Reyes Antuan sees gardening as a way to give people hope, showing them that it is possible to regain agency and grow some of their own food. He says, “If we are able to mentor, teach, and inspire them to recognize their contribution within our local food systems, those people are going to participate. When those people participate, they bring those communities and wisdom that they represent,” to fighting the climate crisis and building local food systems.

Photo by Hatchet & Seed

There are many ways to implement gardening practices that make your gardens more sustainable and reduce your impact. In many cases, these practices also lead to more productive and healthy gardens.

For those with limited space, there are ways to grow food in small spaces without a garden. Burlap sacks, windowsills, countertops, hanging window planters, and apartment patios are all perfect places to start growing food.

So much of gardening comes down to tending to and caring for the soil. Many practices to make your garden more sustainable center around improving soil health and being conscious of external inputs.
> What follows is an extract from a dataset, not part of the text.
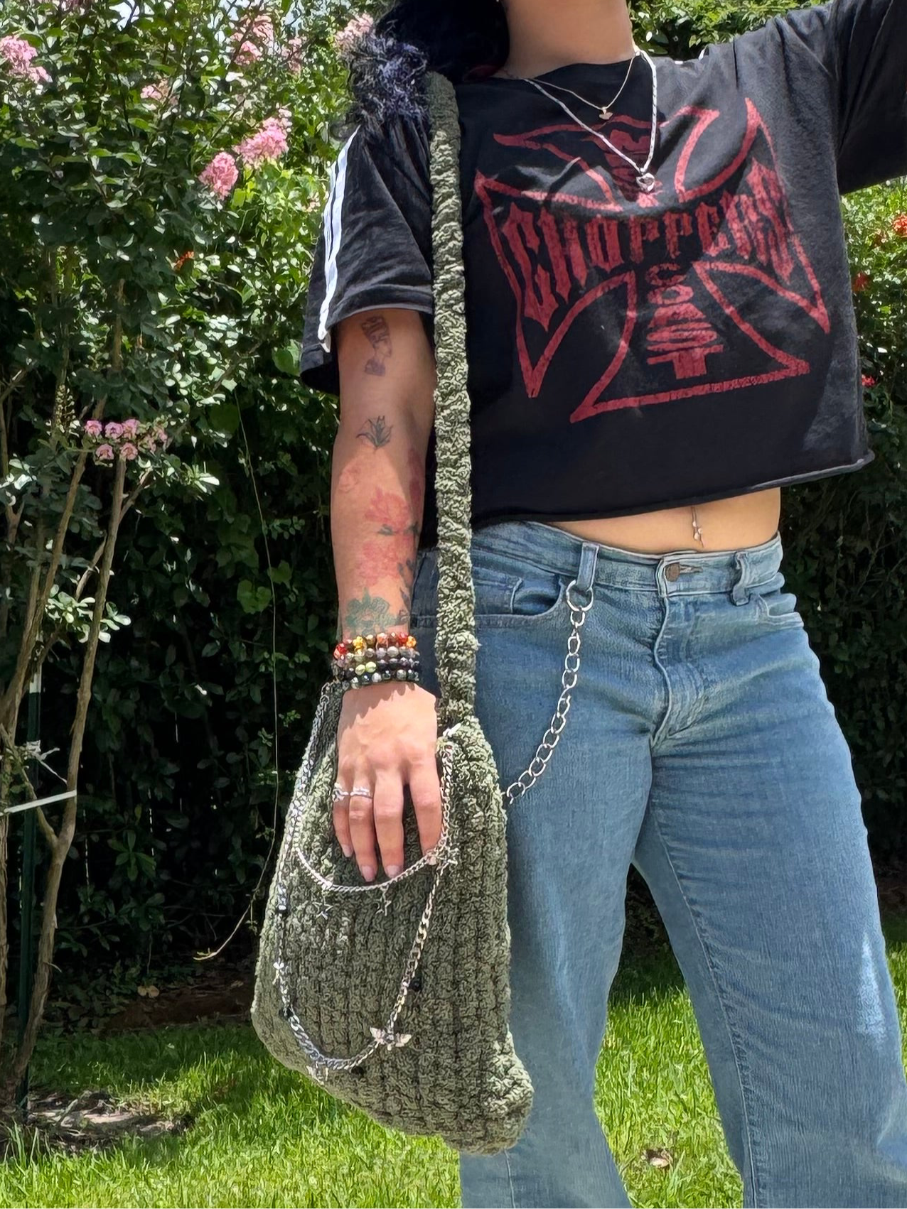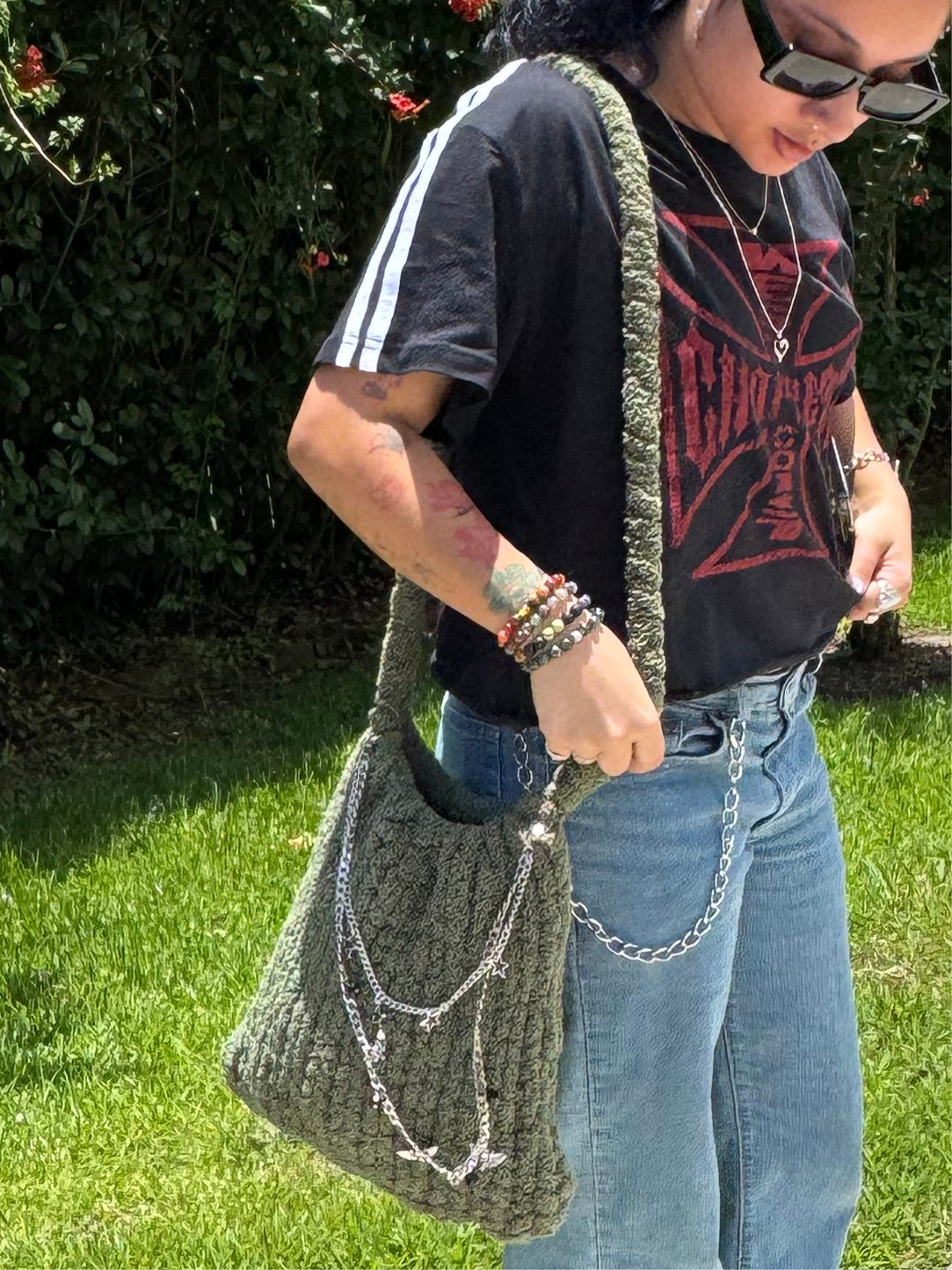 Forest green thick yarn , handmade into a lovely soft useful satchel. Optional add-on chain or clip for styling. All colors available.

Hayden and Warwick from Happy Hills Farm describe how the more you take care of the soil, the more it will nourish healthy and resilient plants. Warwick explains, “Every time you grow something, it takes nutrients out of the soil.” If those nutrients are not returned, whether through compost, cover crops, or another way, the soil becomes increasingly depleted.

Goldwynn and Krawczyk from Hatchet & Seed also describe how crucial soil health is. Healthier soil has an increased ability to retain water. The more we add to our soil organic matter, the more drought-resistant and flood-tolerant our soils are. Goldwynn says, “When you create better soil structure, you can have a more resilient system.”

An important aspect of sustainable gardening is using the inputs and resources that are closest to you. Rather than using heavily processed materials that have often been transported long distances, find ways to incorporate resources that are close at hand and easily available. Lucretia Schanfarber, a passionate and active gardener who has been involved in her local gardening community for years, recommends gardeners explore using their own urine, leaf mulch, hay, grass clippings, seaweed, and cardboard to make nutrient-rich compost.

Photo by Lucretia Schanfarber

There are many exciting opportunities to reduce our impact and contribute to climate solutions through gardening, but it is important to not put pressure on the need to ‘get it right’. There is no such thing as a perfect garden.

The garden is a place to experiment and explore. Regardless of our depth of knowledge and seasons of experience, we can find joy in the process, build relationships with plants, and learn to relate to the world around us and the food we eat in a more intimate way.

Starting to garden is daunting, but there is no need to know everything before you begin. Mishaps and setbacks are inevitable, and an important part of the process. Join a gardening group or community garden, attend a gardening workshop, do research online, or speak with a knowledgeable gardener. It can be helpful to take a long view, “Start today so that you can become an 80-year-old gardener,” Krawczyk says.

Through gardening, we can reduce our climate impact, contribute to climate solutions, and connect with each other and the earth in a meaningful way. As we plant seeds, care for the soil, and harvest the freshest of produce, we can mitigate climate change, support our well-being, and make this earth a better place.